Note that Fisher’s significance testing would consider the p-value associated with the test statistic of -3, i.e. p < .01 either as inductive evidence against H_{2} or as an indication that something unusual (improbable) happened assuming H_{2} is true. Note also that in Fisher’s approach, it is not possible to reason from the inferred untruth of H_{2} to the truth of H_{1}, because H_{1} does not exist in that approach.

It should be noted further that in the Neyman-Pearson approach, the importance of the value of the test statistic is restricted to whether or not the value exceeds a critical value (i.e. whether or not the value of the statistic is in the rejection region). That means that it is of no concern how much the test statistic exceeds the critical value, since all values larger than the critical value lead to the same decision: reject the hypothesis. In other words, because the approach is non-evidential, the magnitude of the test statistic is inconsequential as far as the truth of the hypothesis is concerned. Compare this to the Fisher approach, where the larger the test statistic is (the smaller the p-value), the stronger the inductive evidence is against the null-hypothesis.

### Null-hypothesis significance testing (NHST)

NHST combines Fisher’s significance testing with Neyman-Pearson hypothesis testing, without regard for the logical incompatibilities of the two approaches. Fisher’s p-value is used both as a measure of inductive evidence against the null-hypothesis, with smaller p-values considered to be stronger evidence against the null than larger p-values, and as a test statistic. In its latter use, the null-hypothesis is (usually) rejected if the p-value is smaller than .05.

Contrary to significance testing, NHST uses the p-value to decide between the null-hypothesis and an alternative hypothesis. But contrary to the Neyman-Pearson approach, α, the probability of a type I error is not based on judgement and careful consideration of loss-functions, but is mechanically set at .05 (or .01). And, contrary to the Neyman-Pearson approach, the probability of a type II error (β) is usually not considered.

One reason for the latter may be that specification of the null-hypothesis is also mechanized. In the case of differences between means or testing correlations or regression coefficients, etc, the standard null-hypothesis is that the difference, the correlation or the coefficient equals 0. This is also called the nil-hypothesis. As the alternative excludes the null, the standard alternative hypothesis is that the parameter in question is not equal to zero, which makes it hard to say something about the type II error, because determining the probability of a type II error requires thinking about a minimal consequential effect size (consequential in terms of decisions and associated loss) that can serve as the alternative hypothesis.

Specifying a non-nil alternative hypothesis, i.e. that the parameter value is not equal to zero, implies that results arbitrarily close to nil, but not equal to nil, are as consequential as effect sizes that are far away from the null-value, both in acting upon the value as in not-acting upon it.
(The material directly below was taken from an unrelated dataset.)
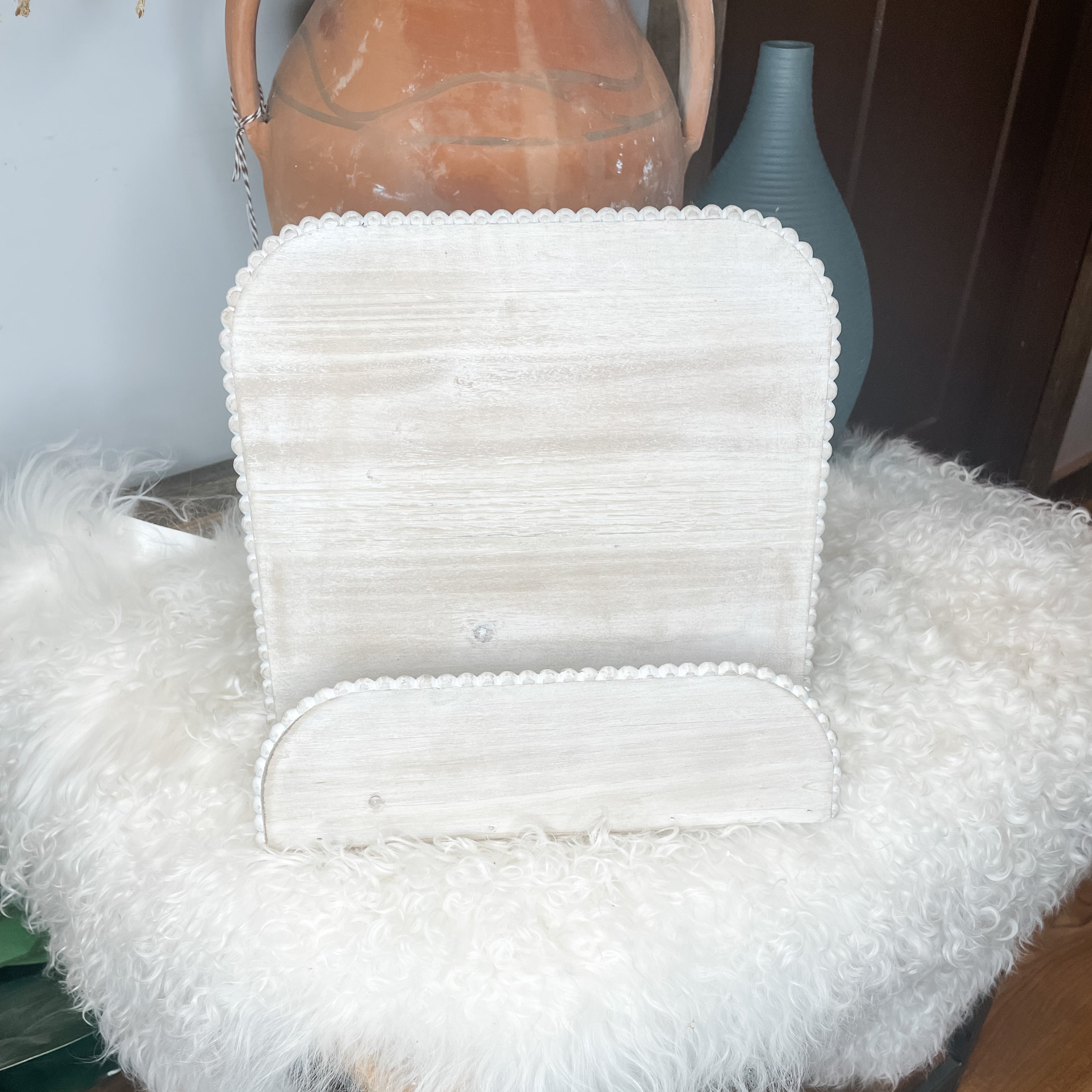 This stylish, wooden book holder features an intricate beaded trim. The high-quality wood construction ensures durability, while the unique beading adds a touch of elegance and sophistication that will last for years to come. Perfect for keeping your favorite books close at hand.

Crucially, not specifying a minimal consequential effect size, rules out determining β. So, even though NHST uses the concept of an alternative hypothesis (contrary to Fisher), the nil-hypothesis is such that the procedure of Neyman and Pearson can no longer work: it is impossible to strike a balance between loss associated with type I and type II errors, and so NHST is not a hypothesis testing procedure.